How does the technical analysis can make money?
Technical analysis helps identify trends & entry/exit points to investments, but isn't perfect & requires risk management.
There are several requirements needed to convert pure technical analysis into money. The first and most important, of course, is to determine when a trend is beginning or ending. The money is made by "jumping" on the trend as early as possible. Theoretically, this sounds simple, but profiting consistently is not so easy.
The indicators and measurements that technical analysts use to determine the trend are not crystal balls that perfectly predict the future. Under certain market conditions, these tools may not work. Also, a trend may suddenly change direction without warning. Thus, the technical investor must be aware of risks and protect against such occurrences causing losses.
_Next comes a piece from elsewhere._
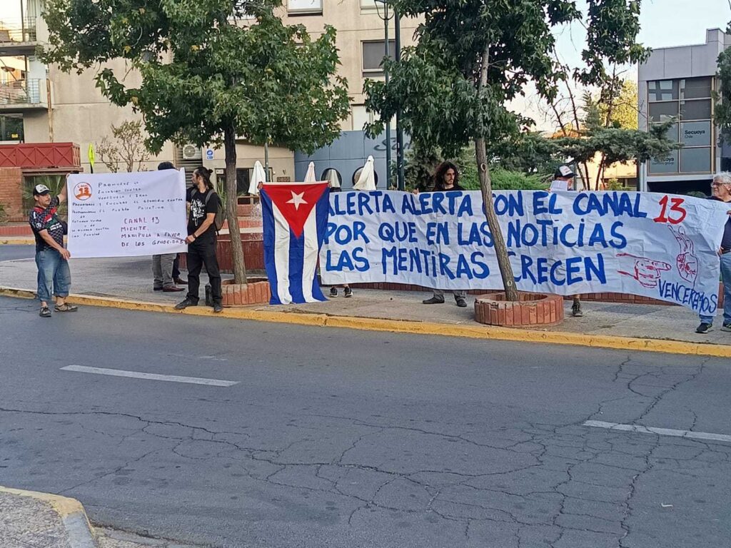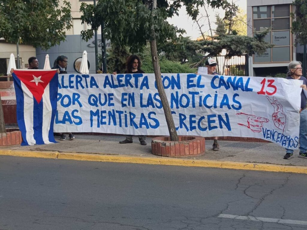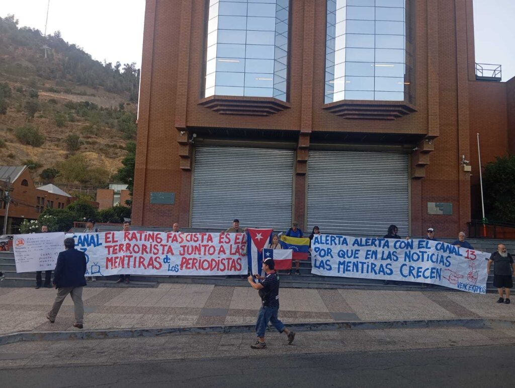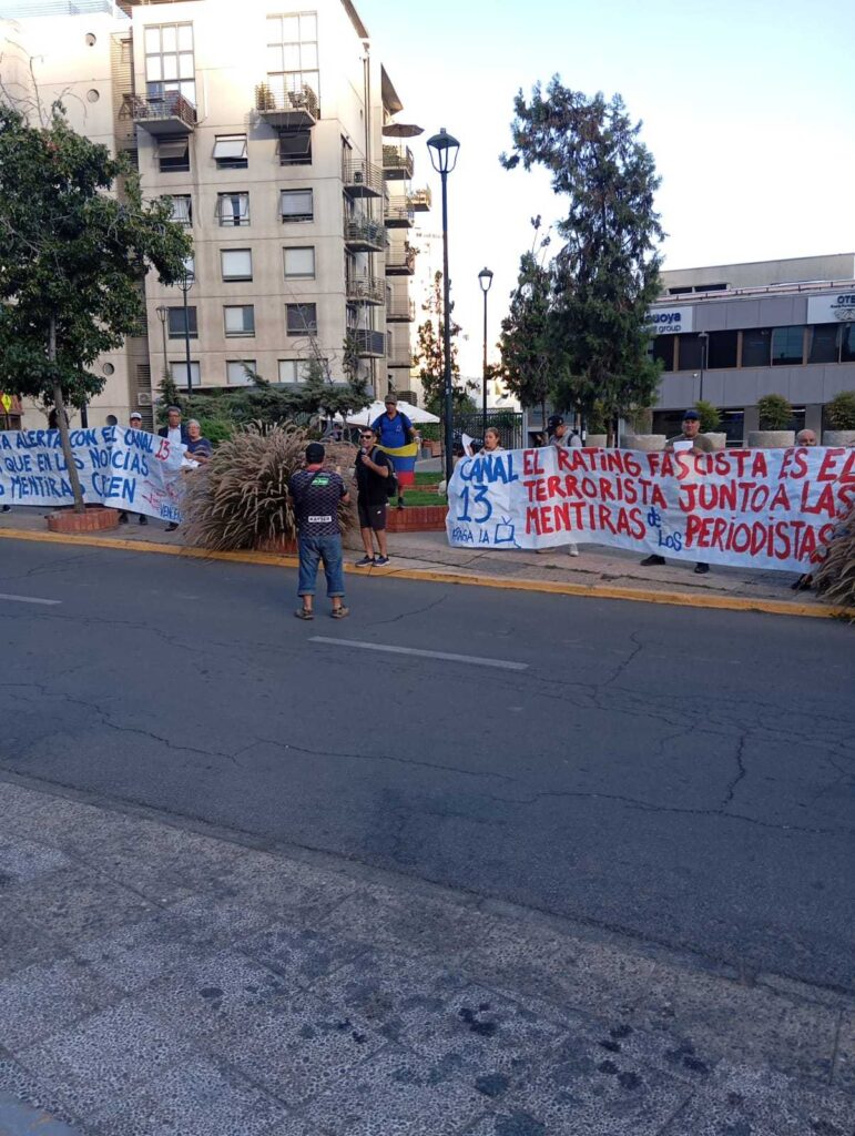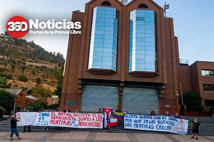 (360Noticias) Una manifestación se realizó frente a las dependencias de Canal 13 en Santiago de Chile, donde organizaciones denunciaron una “reiterada difusión de noticias falsas” por parte de la señal televisiva.

From a strategic standpoint, then, the technical investor must decide two things: First, the investor or trader must choose when to enter a position, and second, he or she must choose when to exit a position. Choosing when to exit a position is composed of two decisions. The investor must choose when to exit the position to capture a profit when the price moves in the expected direction. The investor must also choose when to exit the position at a loss when the price moves opposite from what was expected. The wise investor is aware of the risk that the trend may differ from what he or she expected. Deciding what price level to sell and cutting losses before even entering into a position is a way in which the investor protects against large losses.
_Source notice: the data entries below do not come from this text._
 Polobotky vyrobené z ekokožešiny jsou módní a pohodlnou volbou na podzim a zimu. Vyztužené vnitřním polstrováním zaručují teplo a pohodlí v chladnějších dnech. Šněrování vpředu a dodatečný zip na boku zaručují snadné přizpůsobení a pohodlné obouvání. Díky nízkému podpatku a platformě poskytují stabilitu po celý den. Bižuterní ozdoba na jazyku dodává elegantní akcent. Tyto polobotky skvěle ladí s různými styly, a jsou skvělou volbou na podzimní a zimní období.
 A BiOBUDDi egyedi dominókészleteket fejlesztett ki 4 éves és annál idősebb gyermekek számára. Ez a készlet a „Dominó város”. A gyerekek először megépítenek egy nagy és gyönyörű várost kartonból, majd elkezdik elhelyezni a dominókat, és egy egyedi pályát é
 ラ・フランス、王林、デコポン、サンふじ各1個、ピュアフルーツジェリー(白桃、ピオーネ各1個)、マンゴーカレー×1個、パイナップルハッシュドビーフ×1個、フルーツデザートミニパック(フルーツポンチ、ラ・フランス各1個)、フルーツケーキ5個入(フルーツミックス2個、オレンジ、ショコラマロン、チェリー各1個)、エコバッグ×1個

Because technical analysis investigates prices, it has the benefit of establishing a price point at which the investor may determine that something is wrong with the study or the price behavior of the financial instrument in question. Risk of loss can therefore be determined and quantified right at the beginning of the investment. This ability is not available to other methods of investment. Finally, because actual risk can be determined, money management principles can be applied that will lessen the chance of loss and the risk of what is called "ruin."
In sum, the basic ways to make money using technical methods are
- "The trend is your friend"—play the trend.
- Don't lose—control risk.
- Manage your money—avoid ruin.
Technical analysis is used to determine the trend, when it is changing when it has changed, when to enter a position, when to exit a position, and when the analysis is wrong and the position must be closed. It's as simple as that.